Typically you wouldn't do the transform yourself, you would simply look at the WB or IMF for PPP converted GDP figures. The transformation is pretty simple, however. The IMF calculates, for example, an Argentinian PPP value of 2.2 so you would take the Argentinian GDP in pesos in 2010 of ~400 billion multiply by 2.2 to get $880 billion PPP adjusted GDP in "international dollars". You could then calculate the PPP adjusted GDP per capita figures by dividing by population and so forth.
In India, GDP is calculated at Factor Cost and at Market Prices: there is at times a huge difference in the GDP growth calculated by the two methods.
In the financial crisis-fiscal stimulus year of 2008-09, GDP at Factor Cost grew by 6.7%, at Market prices grew by 3.9%. Why such a huge difference? How do they distinguish between a Cost and a Price? Measuring by Price seems simpler but how do they measure Costs? Which method is valid?

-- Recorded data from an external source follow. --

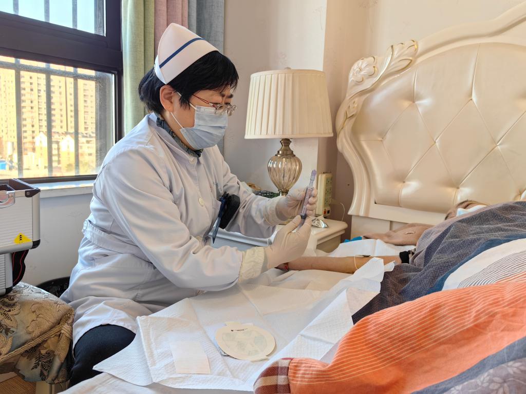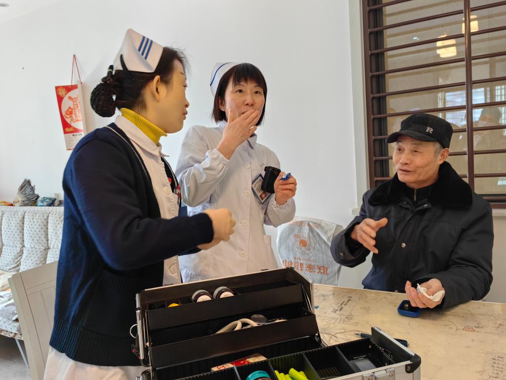 护理人员更换鞋套、做好入户前消毒工作,在吴大爷热情迎接下进门。胡少华首先向吴大爷说明了”互联网+护理服务“的背景和意义,取得了信任和配合。听取诉求后,孙小红耐心地向吴大爷讲解疾病的相关知识,并为患者做了规范化的护理操作和自我保健的相关指导,整个操作期间患者没有出现任何不适反应。吴大爷感谢道:“我的老寒腿一到冬天出门就不利索,也不会用高科技的血糖仪,儿子又在外地工作没办法带我去医院,这几天正急的不知道怎么办,儿子帮我在网上预约了网约护理服务,没想到今天一大早你们就赶到家里来了!以前每次去医院,儿子就要请假从外地赶回来,花钱不说还浪费很多时间,去了医院还要排队等很久,我们这些基础病多的老年人还怕交叉感染,感谢你们这些大医院的专业护士上门,让我们既省心又放心。”服务结束后,护士长程文君指导患者在手机端填写相关内容,并征求患者意见,旨在从老年人的角度对系统的再优化,让系统兼具智能化和人性化,更好地被患者所接受。
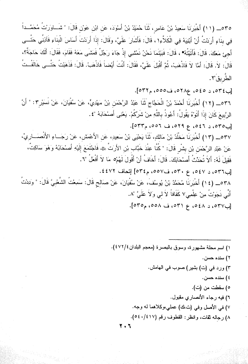 536 - (12) أَخْبَرَنَا أَحْمَدُ بْنُ الْحَجَّاجِ ثَنَا عَبْدُ الرَّحْمَنِ بْنُ مَهْدِيٍّ، عَنْ سُفْيَانَ، عَنْ نُسَيْرٍ (¬3): " أَنَّ الرَّبِيعَ كَانَ إِذَا أَتَوْهُ يَقُولُ: أَعُوذُ بِاللَّهِ مِنْ شَرِّكُمْ. يَعْنِى أَصْحَابَهُ " (¬4).
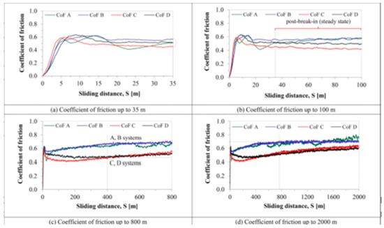 Change in the CoF with sliding distance. (a) AISI H13 steel; (b) H13 + SM-SEDM]; (c) H13 + SM-SEDM + TiAlN; (d) H13 + SM-SEDM + SR + TiAlN [90]. (With kind permission from Elsevier).
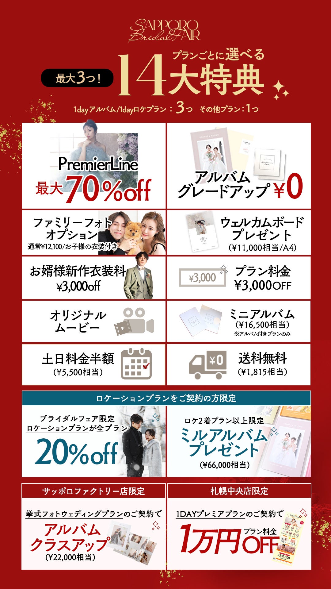 今回のフェアでは、お客様の声から生まれた「14大特典」をご用意しました。 1dayプランやロケーションプランをご成約の方には、以下の人気オプションから最大3つをプレゼントいたします。
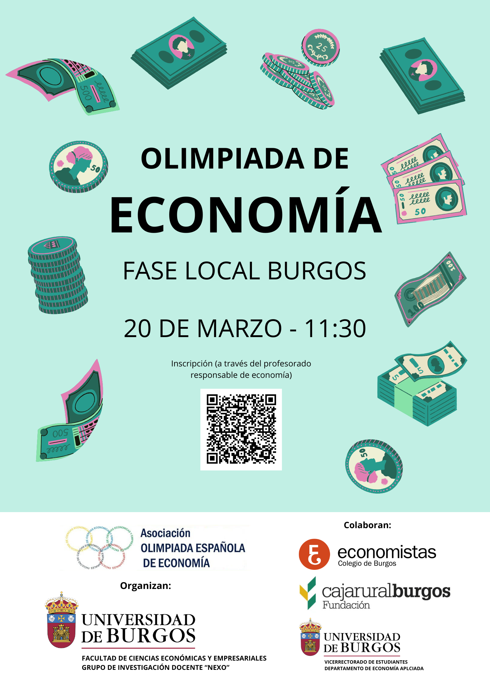 La Facultad de Ciencias Económicas y Empresariales de la Universidad de Burgos, a través del Grupo de Innovación Docente de la Universidad de Burgos “NEXO”, organiza la XI Fase Local de la Olimpiada Nacional de Economía el viernes 20 de marzo de 2026 a las 11:30 horas.
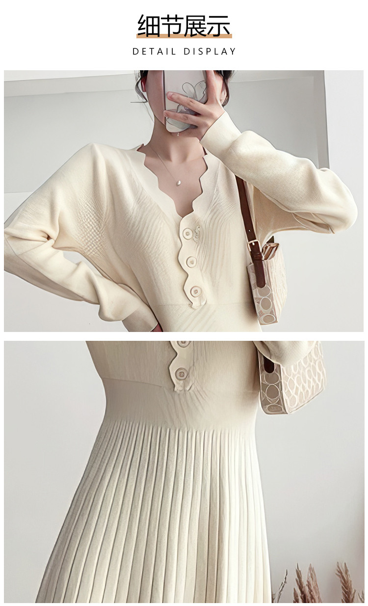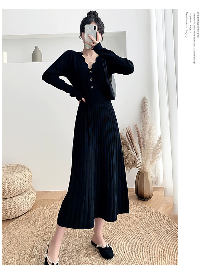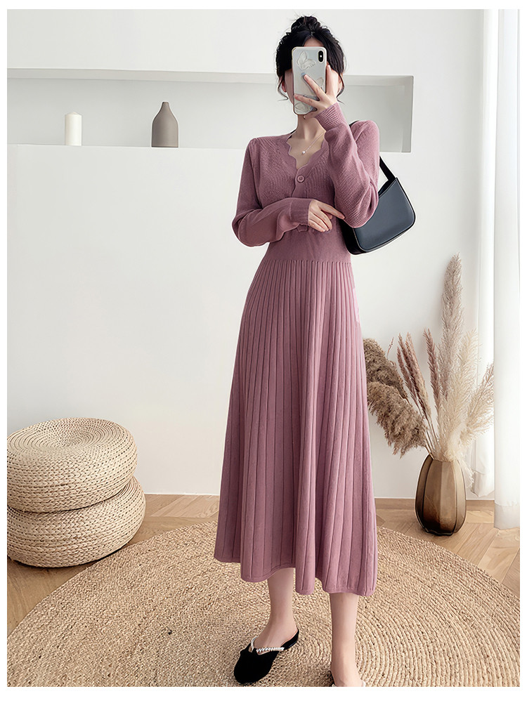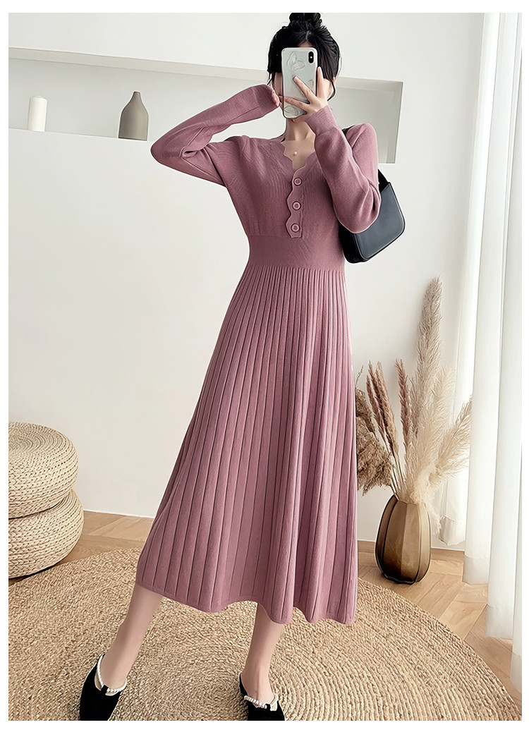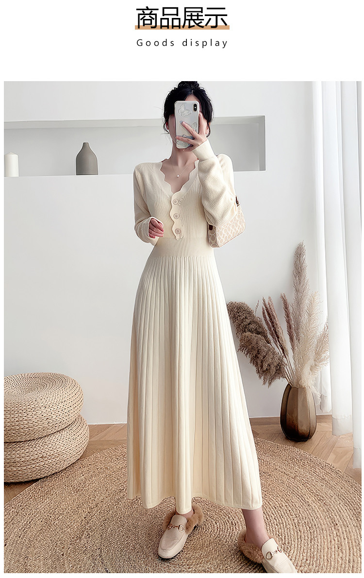 商品名称:长袖针织裙女优雅气质长连衣裙过膝长裙子 386435
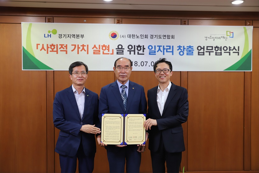 이날 LH경기지역본부 3층에서 열린 협약식에는 경기도일자리재단 김화수 대표이사와 LH 원명희 경기지역본부장, 대한노인회 이종한 경기도연합회장 등 관계자 20여 명이 참석했다.
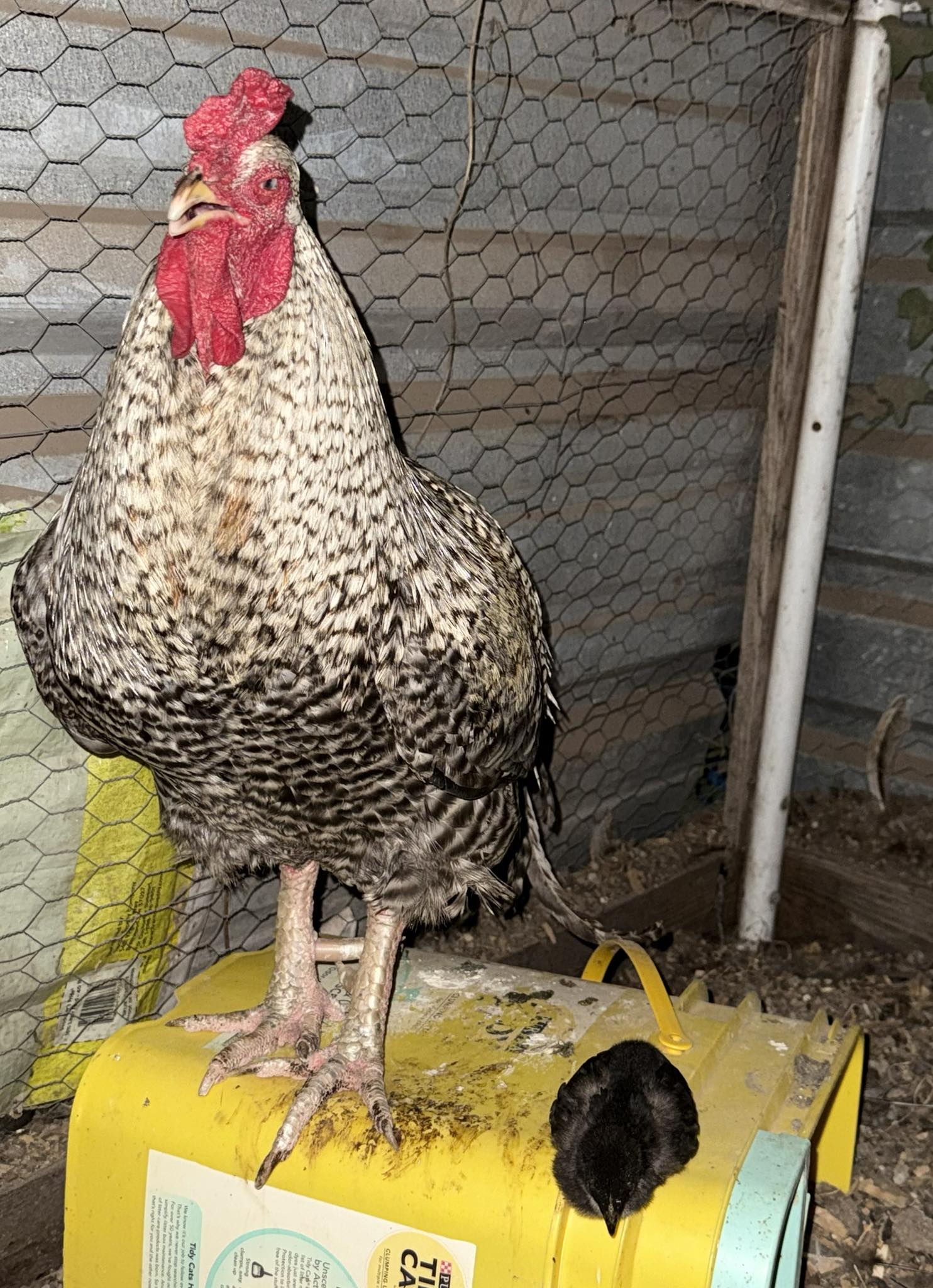 So Sir hangs around and sure, he has some girlfriends, but he is a true gentleman giving them the best scraps, calling when fresh water is filled, and showing the hens where the best nesting spots are. The previously disinterested hens suddenly all go broody and we get the random surprise chicks. He seems to enjoy watching over the growing flock.
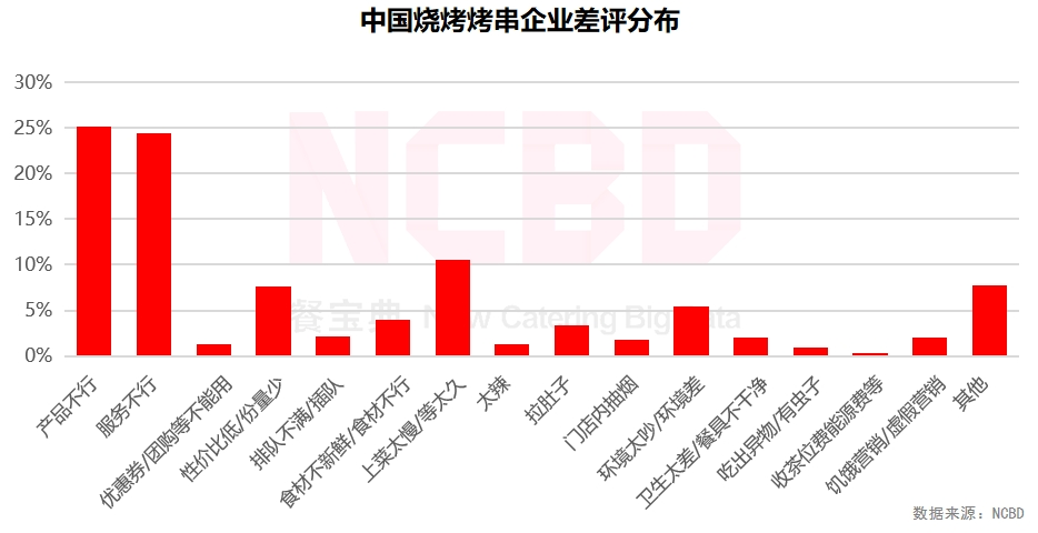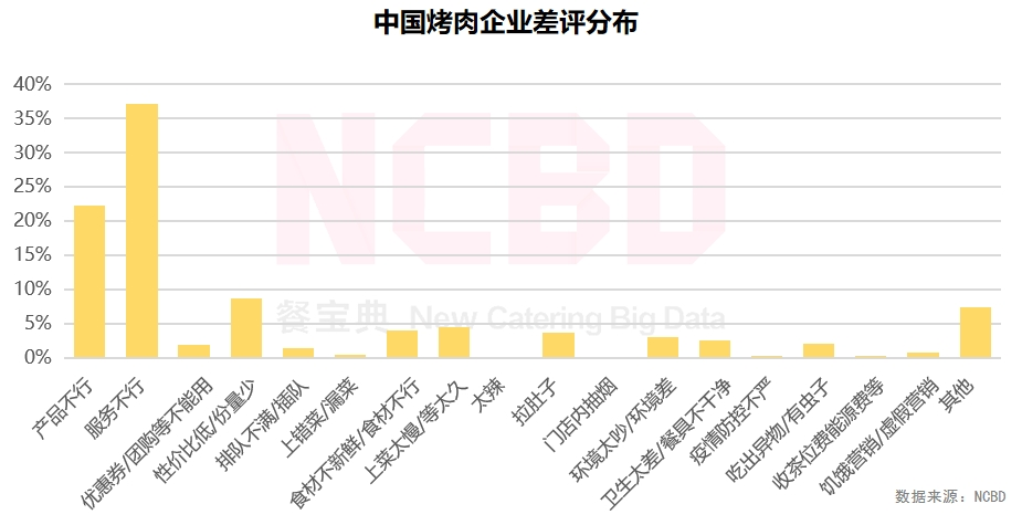 2、在烤肉類企業的差評中,服務方面差評最多,佔比高達37.0%,遠超燒烤烤串;服務與產品兩者的差評之和接近60%,高出燒烤10個百分點
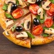 1. لإعداد العجينة: يُخلط 165 ميلليليترًا من الماء الدافئ، مع زيت الزيتون. يُنخل الدقيق. ويُضاف الدقيق، مع الملح والخميرة وخليط زيت الزيتون إلى وعاء. تُخلط المكوِّنات باليدين، حتَّى تمتزج مع بعضها البعض. ثمَّ، تُفرد العجينة على سطح منثور عليه الدقيق والفرخة، وتُدعك جيِّدًا باليدين لربع ساعة. ثمَّ، تُشكَّل على هيئة كرة، وتُحفظ داخل وعاء مدهون بزيت الزيتون، وتُغطَّى بورق النايلون، وتُدع جانبًا لساعتين، وذلك حتَّى يتضاعف حجمها.

GDP at market prices takes into consideration the MARKET VALUE of all all final goods and services....... Economists refer to this measurement of GDP as the Expenditure Approach. In order to get an approximation for the GDP, they try to use another approach called the Income Approach, which sums up all factor earnings of all inputs or factors of production. You know in theory, Income is equivalent to Output.....(Y). The price at which you buy a product translates into what the factors of production earn, the wages to workers, the profit to the enterpreneur, etc. However, these market prices do not only reflect the factor costs incurred in producing those goods and services (eg, wage, rent, interest and profit). They include Indirect Business Taxes (IBT) and Subsidies (S), which are activities of government. The difference between GDP at factor cost and GDP at market prices is simply the presence / absence of IBT and S. To move from the former to the latter, you add IBT and substract S, and vice versa. In the fiscal stimulus year, S was high and IBT was low, so GDP at factor cost was higher than GDP at market prices. Growth in factor cost was thereby higher. As to whether which one is valid, I don't have any idea.